In the final days of the election many Republicans seem to have given up the fight for power. But don't be fooled: that doesn't mean they are relaxing. If you want to see real Republican elbow grease, check out the energy going into chucking great chunks of the $700bn bail-out out the door. At a recent Senate banking committee hearing, the Republican Bob Corker was fixated on this task, and with a clear deadline in mind: inauguration. "How much of it do you think may be actually spent by January 20 or so?" Corker asked Neel Kashkari, the 35-year-old former banker in charge of the bail-out.

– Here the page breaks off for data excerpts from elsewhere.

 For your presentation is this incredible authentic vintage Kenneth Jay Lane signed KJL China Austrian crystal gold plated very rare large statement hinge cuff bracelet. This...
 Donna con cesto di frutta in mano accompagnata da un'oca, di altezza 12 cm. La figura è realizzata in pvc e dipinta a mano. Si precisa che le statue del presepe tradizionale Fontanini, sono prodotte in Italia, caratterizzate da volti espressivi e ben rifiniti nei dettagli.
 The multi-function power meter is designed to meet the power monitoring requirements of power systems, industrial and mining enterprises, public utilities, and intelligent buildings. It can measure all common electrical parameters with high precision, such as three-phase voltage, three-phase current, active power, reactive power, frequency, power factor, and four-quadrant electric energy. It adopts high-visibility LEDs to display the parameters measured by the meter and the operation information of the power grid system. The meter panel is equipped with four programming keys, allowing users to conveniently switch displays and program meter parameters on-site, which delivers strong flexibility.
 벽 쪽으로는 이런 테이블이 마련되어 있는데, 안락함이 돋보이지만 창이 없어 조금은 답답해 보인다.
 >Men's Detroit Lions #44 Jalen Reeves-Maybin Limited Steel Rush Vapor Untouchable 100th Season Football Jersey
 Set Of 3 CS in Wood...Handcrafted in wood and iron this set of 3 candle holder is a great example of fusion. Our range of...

When European colonialists realised that they had no choice but to hand over power to the indigenous citizens, they would often turn their attention to stripping the local treasury of its gold and grabbing valuable livestock. If they were really nasty, like the Portuguese in Mozambique in the mid-1970s, they poured concrete down the elevator shafts.
Nothing so barbaric for the Bush gang. Rather than open plunder, it prefers bureaucratic instruments, such as "distressed asset" auctions and the "equity purchase program". But make no mistake: the goal is the same as it was for the defeated Portuguese - a final, frantic looting of the public wealth before they hand over the keys to the safe.

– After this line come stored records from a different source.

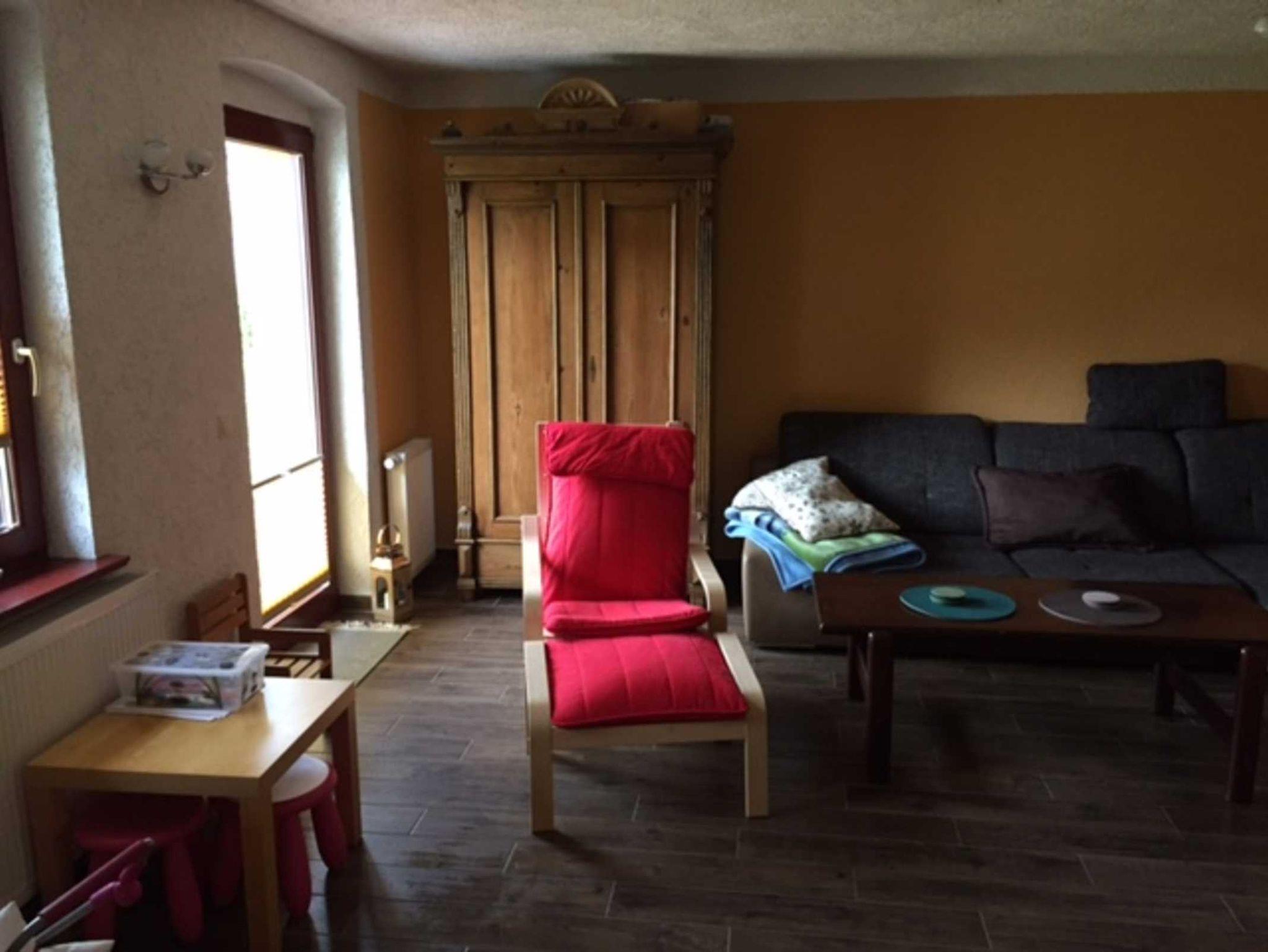 Zwei weitere Aufbettungen sind im separatem Zimmer (Durchgangszimmer) auf dem Schlafsofa/Schlafcouch möglich. Eine Terrasse mit Grillmöglichkeit und ein kleiner Spielplatz im Garten. PKW Stellplatz auf dem Grundstück. Bettwäsche und Handtücher sind mitzubringen bzw. können auf Anfrage gemietet werden.
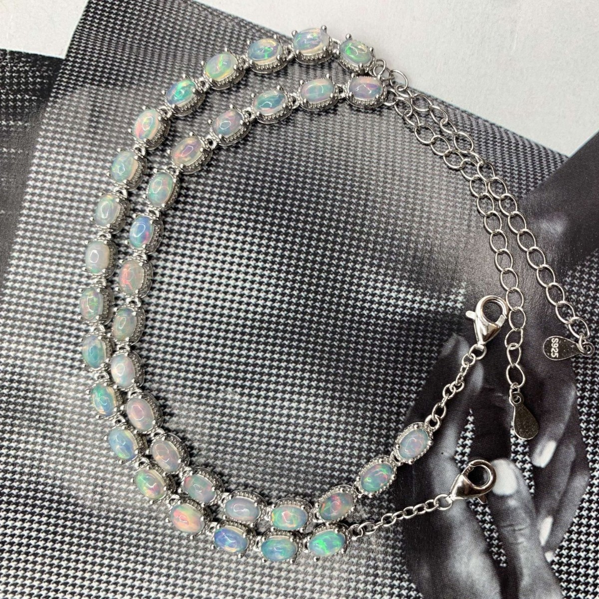 天然カラフルな欧泊ブレスレットS925銀モザイク欧泊ブレスレット
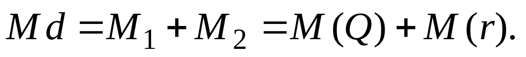 На рисунку показано, що сукупний попит на гроші складається з двох частин: трансакційного (операційного) М1 функції від доходу (Q) і попиту на портфельні активи М2 функції від норми процента (r)
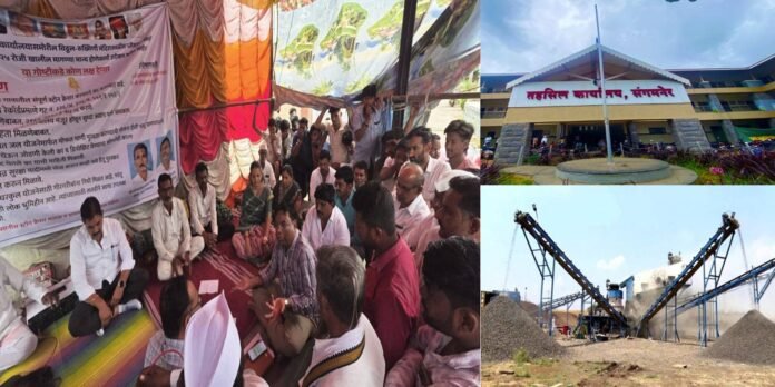संगमनेर : तालुक्यातील पिंपळे गावातील अवैध स्टोन क्रशर, देवस्थानाची बेकायदेशीररीत्या विकलेली २५० एकर जमीन आणि शासनाची बुडवलेली रॉयल्टी वसुल करण्याच्या मागणीसाठी गावातील शेतकरी आण्णासाहेब चकोर व रमेश ढोणे यांनी ३० सप्टेंबर २०२५ पासून विठ्ठल मंदिरासमोर उपोषण सुरू केले होते. ग्रामपंचायतीच्या कारभारातील अनियमितता आणि अनधिकृत उत्खनन याविरोधात ग्रामस्थ आक्रोश व्यक्त करत होते.

How else to make sense of the bizarre decisions that have governed the allocation of the bail-out money? When the Bush administration announced it would be injecting $250bn into US banks in exchange for equity, the plan was widely referred to as "partial nationalisation" - a radical measure required to get banks lending again. Henry Paulson, the treasury secretary, had seen the light, we were told, and was following the lead of Gordon Brown.
In fact, there has been no nationalisation, partial or otherwise. American taxpayers have gained no meaningful control over the banks, which is why the banks are free to spend the new money as they wish. At Morgan Stanley, it looks as if much of the windfall will cover this year's bonuses. Citigroup has been hinting it will use its $25bn buying other banks, while John Thain, the chief executive of Merrill Lynch, told analysts: "At least for the next quarter, it's just going to be a cushion." The US government, meanwhile, is reduced to pleading with the banks that they at least spend a portion of the taxpayer windfall for loans - officially, the reason for the entire programme.
What, then, is the real purpose of the bail-out? My fear is this rush of dealmaking is something much more ambitious than a one-off gift to big business: that the Bush version of "partial nationalisation" is rigged to turn the US treasury into a bottomless cash machine for the banks for years to come. Remember, the main concern among the big market players, particularly banks, is not the lack of credit but their battered share prices. Investors have lost confidence in the honesty of the big financial players, and with good reason.